Inside: What is hope? It’s not wishful thinking or fairy dust. It’s practical, action-oriented, and has a lot in common with resilience.
In its simplest sense, hope is, I believe, the ability to envision a new joyful possibility. To hold a vision for where we’re heading or where we want to go, and then choosing to step out into that vision.
It does not mean we see the whole path ahead. All we have to do is to step out into the little bit of light we have. We find our way in (imperfect) action, not before.
Hope begins in the dark, the stubborn hope that if you just show up and try to do the right thing, the dawn will come. You wait and watch and work: you don’t give up.
Anne Lamott
what is hope?
A more scientific take on things, is that hope is a realistic sense of optimism or attitude of mind based on an expectation of positive outcomes.
Hope has a couple of key characteristics: a sense of agency (the feeling of control over actions and their consequences) and the belief that we can produce alternative routes or pathways to our desired goals. (source)
Agency and flexible thinking are also keys of resilience! In fact, hope and resilience have plenty in common.
In this conversation I talk about “a hope map for hard times.”
why is hope important? Choosing a new joyful or hopeful possibility
Just as we often meet joy and freedom in the winter seasons of life, we generally don’t call upon hope unless life is hard or things feels out of our control. Research tells us that “hope’s true and unique nature is in the realm of possibility, when individuals are dealing with greater uncertainty.” (source)
If you’ve ever asked yourself why hope is important, if it actually matters, consider the following significant benefits:
Hope is protective against despair and depression. Higher levels of hope improve mood, physical and psychological wellbeing, and can lead to better outcomes in the face of a life-threatening situation. It increases life satisfaction and self-esteem, and is protective against depression. (source)
Higher hope also corresponds with superior academic and athletic performance, and enhanced interpersonal relationships. (source) And people with higher levels of hope report a stronger sense of purpose and less loneliness. (source)
Hope is the lamp that lights our path through the darkness or a candle in the window. It’s an anchor in the wildest storm.
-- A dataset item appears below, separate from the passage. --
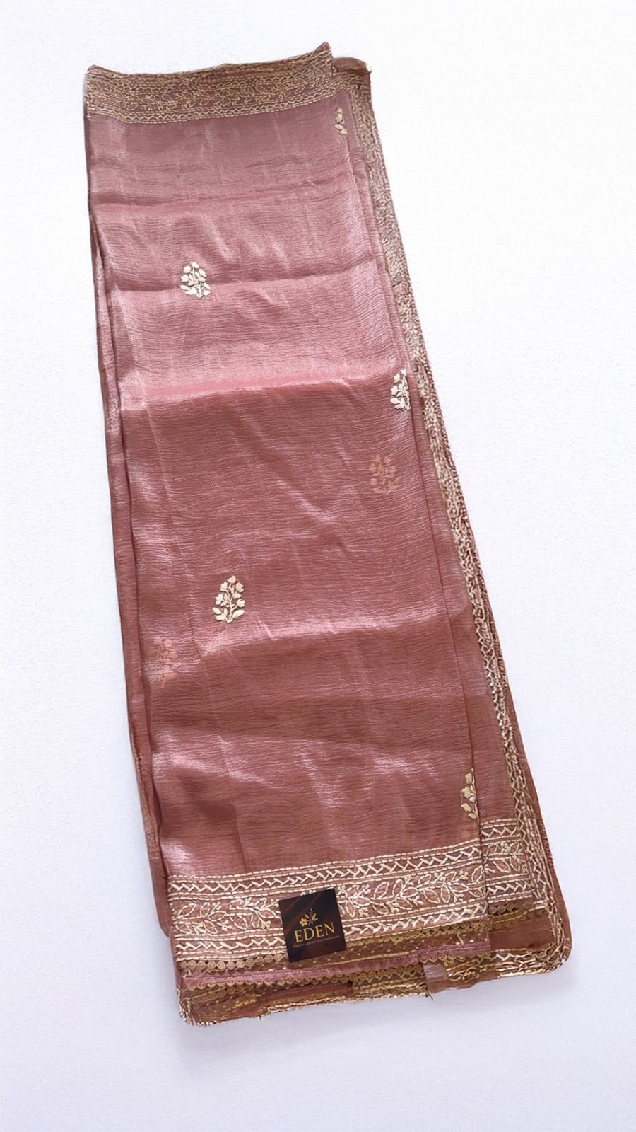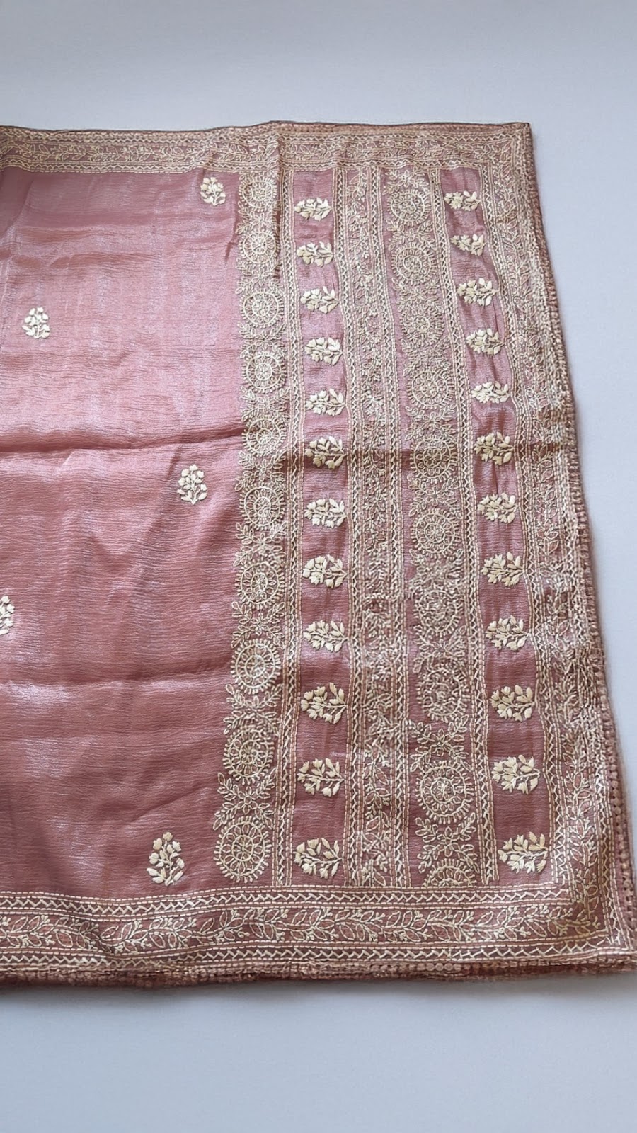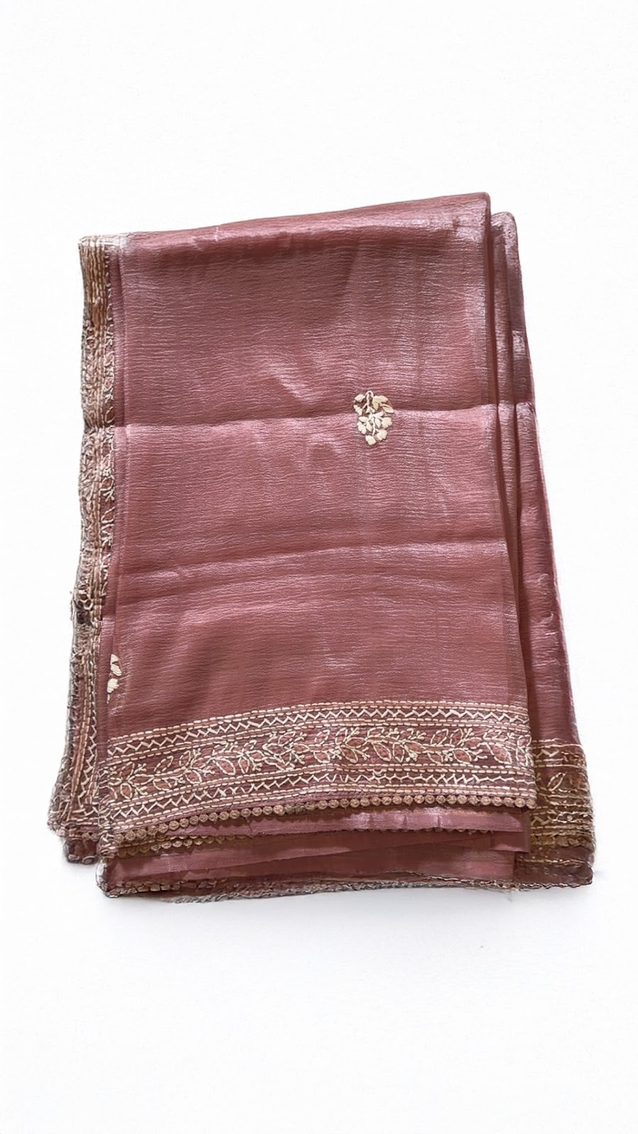 Crushed organza saree featuring subtle floral embroidery across the body and a heavy embroidered pallu with intricate threadwork and detailed borders. Paired with a plain matching blouse finished with a complementary border. Available in Dusty Pink colour. Elegant, lightweight, and perfect for festive occasions.

And it’s the empowering story that tells us we have power of choice to help build a life and world we want to live in.
We move through different seasons of life and even the easiest of them are messy. But some of them are incredibly painful, scary, and heart-wrenching. It’s especially in these ‘winter seasons‘ of life that we need a spark of new possibility to hold on to. The knowledge that spring comes again. That pain isn’t all there is.
And in some cases, hope gently reminds us that there is beauty and wisdom even here, in the darkest season. It reminds us for instance that as the Celtic proverb goes, ‘death is the middle of a long life.” New life grows from broken or barren places. What seems impossible to survive can sometimes yield amazing fruit (which does not mean that we need to look for purpose in suffering).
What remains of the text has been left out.